Now to prove that exactly one of the square roots is a quadratic
residue. Let g be a primitive element in GF(p), and choose \alpha such
that x_p = g^\alpha (mod p); then y = g^{2\alpha} (mod p). Now,
-x_p = g^{\alpha + (p - 1)/2} (mod p)
To see this, note that g^{(p - 1)/2} = -1 (mod p). Since p = 3 (mod 4),
(p - 1)/2 is odd. Hence, precisely one of x_p and -x_p has an odd index
and is therefore a quadratic residue. Similarly, one of x_q and -x_q is
a quadratic residue. Again using the Chinese Remainder Theorem, we see
that one of the square roots of y (mod n) is a quadratic residue mod
each of p and q. To prove (b), I must now show that this square root
(let's call it z) is a quadratic residue mod n.
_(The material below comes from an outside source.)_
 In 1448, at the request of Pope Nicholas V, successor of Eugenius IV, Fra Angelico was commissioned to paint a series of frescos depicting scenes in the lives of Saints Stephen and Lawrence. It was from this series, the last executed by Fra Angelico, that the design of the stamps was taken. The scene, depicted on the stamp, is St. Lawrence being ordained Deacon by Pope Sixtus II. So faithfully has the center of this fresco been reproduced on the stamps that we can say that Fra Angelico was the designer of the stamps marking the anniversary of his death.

Since z is a quadratic residue mod p it has a square root[1] mod p --
call this r_p. It also has a square root mod q -- call it r_q. By the
Chinese Remainder Theorem, we can find a unique integer r, 0 < r < n,
where r = r_p (mod p) and r = r_q (mod q). A final application of the
Chinese Remainder Theorem shows that r^2 = z (mod n). This proves claim
(b).
I earlier stated that, in the multiplicative group of quadratic residues
Q_n of the integers mod n, the map x |-> x^2 is bijective. This is a
simple corollary of the above claims -- x^2 has exactly one square root
mod n which is in Q_n. This map is therefore a permutation on Q_n.
Finally, let S be any finite set, and let f : S -> S be any permutation
on S. Define the relation C_f on S by
C_f(x, y) <==> there exists an integer i such that f^i(x) = y;
I claim that C_f(x, y) is an equivalence relation. To do this, I must
show:
(a) relexivity: that C_f(x, x) for all x;
(b) commutivity: that C_f(x, y) <==> C_f(y, x); and
(c) transitivity: that C_f(x, y) and C_f(y, z) imply C_f(x, z)
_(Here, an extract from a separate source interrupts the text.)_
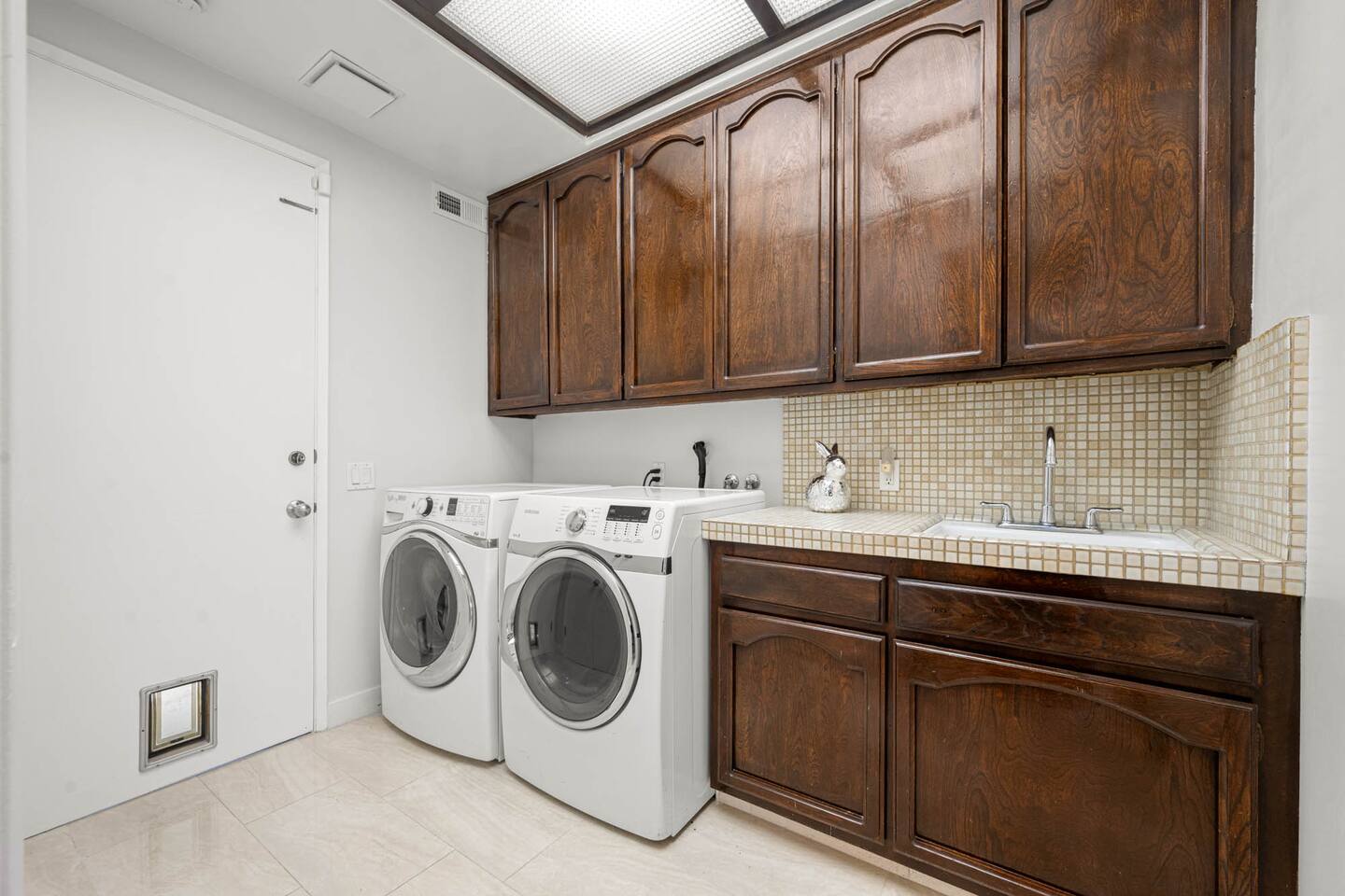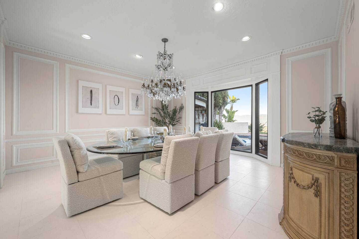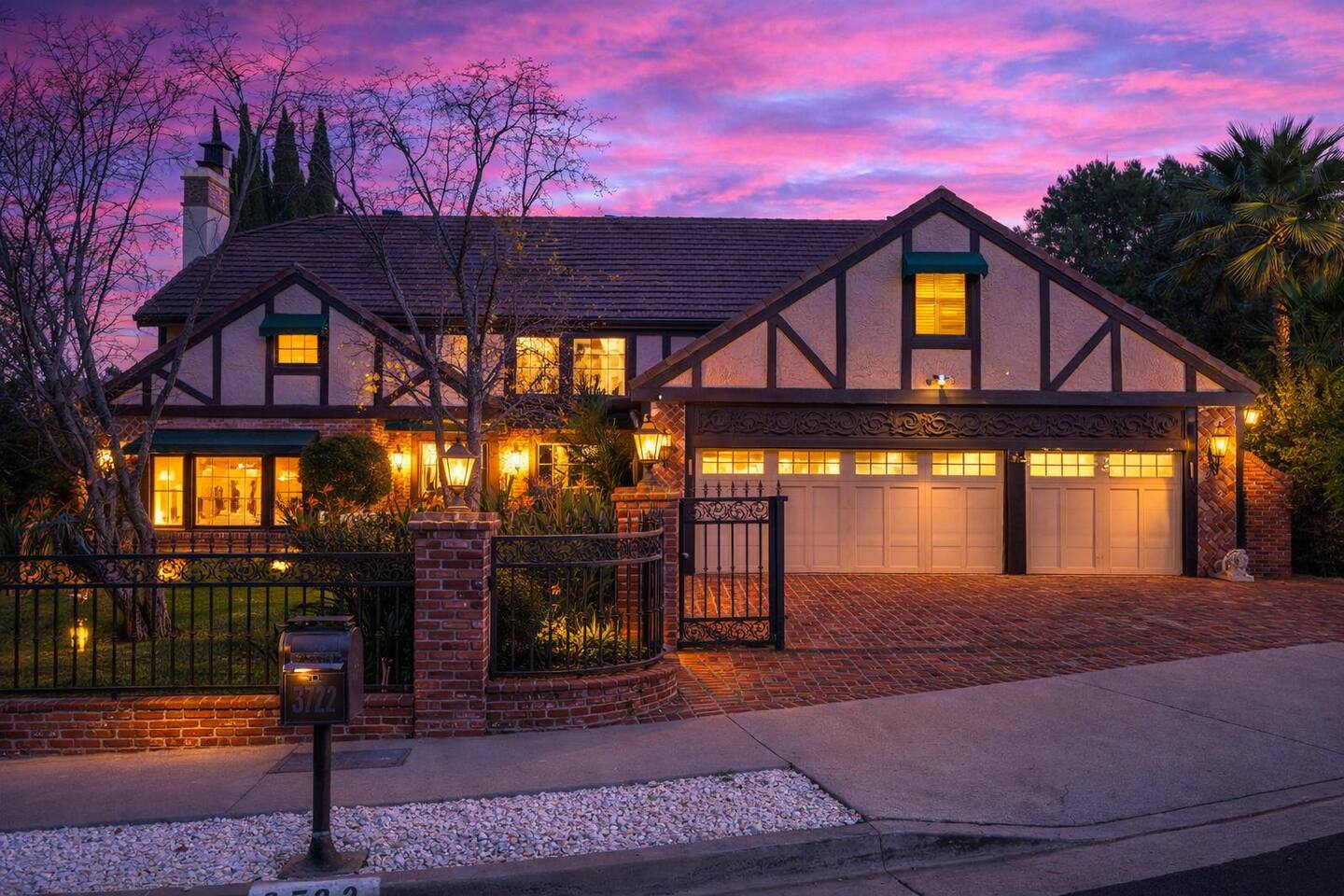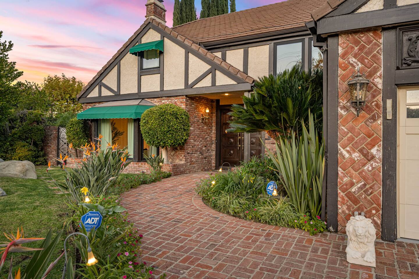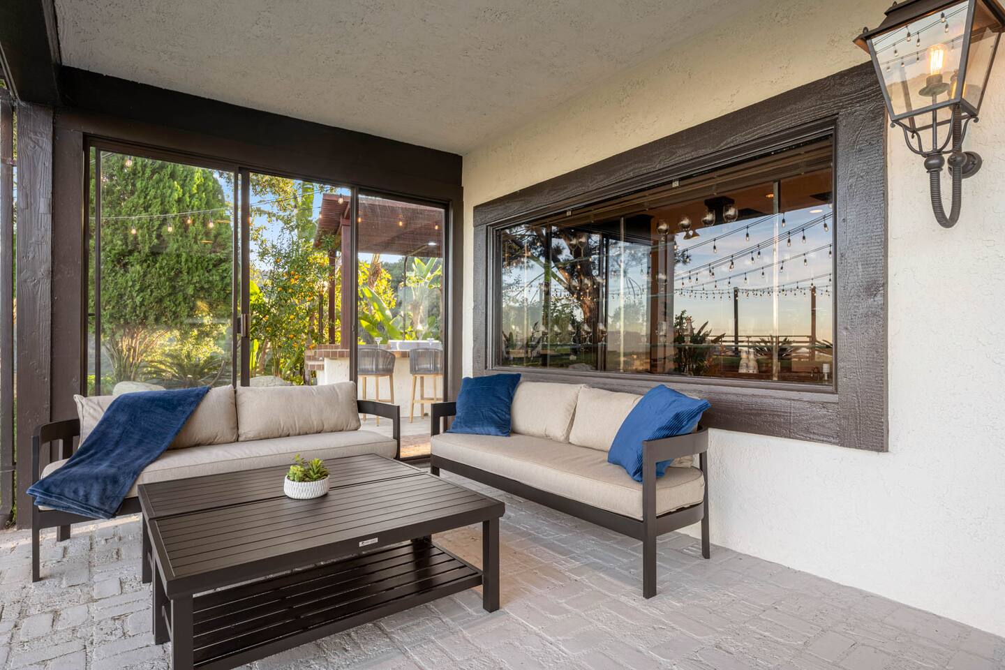 Beyond the gated entrance, the home welcomes you with a beautiful foyer that opens into an elegant formal living room, thoughtfully upgraded with modern furnishings and new window treatments. Adjacent is a brand-new dining room seating eight, framed by bay windows with views of the pool and the lake beyond. The kitchen, while not remodeled, is charming, fully stocked, and includes a casual breakfast area. A second living space functions as an entertainer’s den, featuring a pool table, full bar, large TV, and ample seating. This flexible layout is ideal for gatherings or relaxed evenings in. The home is especially well-suited for families and multi-generational stays, offering a first-floor bedroom with a queen bed, private ensuite bathroom, and separate exterior entrance—perfect for guests who prefer to avoid stairs. A three-car garage adds convenience. Upstairs are three additional bedrooms, including a spacious suite with a king bed, TV, and ensuite bath; a versatile office/guest room with a queen sleeper sofa; and an expansive primary retreat. The primary suite features an Alaskan king bed, sitting area, fireplace, dual ensuite bathrooms, dual walk-in closets, and a large private balcony with seating overlooking the lake. Outdoors, the property truly shines. The rare lake views—virtually impossible to find without direct lake frontage—set the backdrop for a resort-style yard with a large pool, spa, private sauna, expansive lawn, string lighting, outdoor dining for large groups, and two built-in bar areas with BBQ stations. It’s an exceptional setting for entertaining, relaxing, and enjoying one of the best views in Encino. Pet-friendly, private, and ideal for memorable stays, this home offers a rare combination of space, views, and lifestyle.

(c) is obvious from the definition of C_f.
Choose any element x of S. Consider the sequence x, f(x), f^2(x), ...
Since S is finite, this sequence must cycle. So, we must have i != j
where f^i(x) = f^j(x). If i > 0, I can apply f^{-i} to both sides to
show that x = f^{j-i}(x). Let c = j - i be the cycle length. Claim (a)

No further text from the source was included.